▼▼▼
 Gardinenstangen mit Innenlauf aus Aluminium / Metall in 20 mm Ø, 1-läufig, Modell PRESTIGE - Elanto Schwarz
▲▲▲
▼▼▼
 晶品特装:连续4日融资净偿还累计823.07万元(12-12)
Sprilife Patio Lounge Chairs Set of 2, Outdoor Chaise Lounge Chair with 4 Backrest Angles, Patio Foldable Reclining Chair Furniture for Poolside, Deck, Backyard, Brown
▲▲▲
Return exactly, and only, the lines above starting at the line that contains "晶品特装:连续4日融资净偿还累计823.07万元(12-12)" and ending at the line that contains "Sprilife Patio Lounge".

#### Your solution
 晶品特装:连续4日融资净偿还累计823.07万元(12-12)
Sprilife Patio Lounge Chairs Set of 2, Outdoor Chaise Lounge Chair with 4 Backrest Angles, Patio Foldable Reclining Chair Furniture for Poolside, Deck, Backyard, Brown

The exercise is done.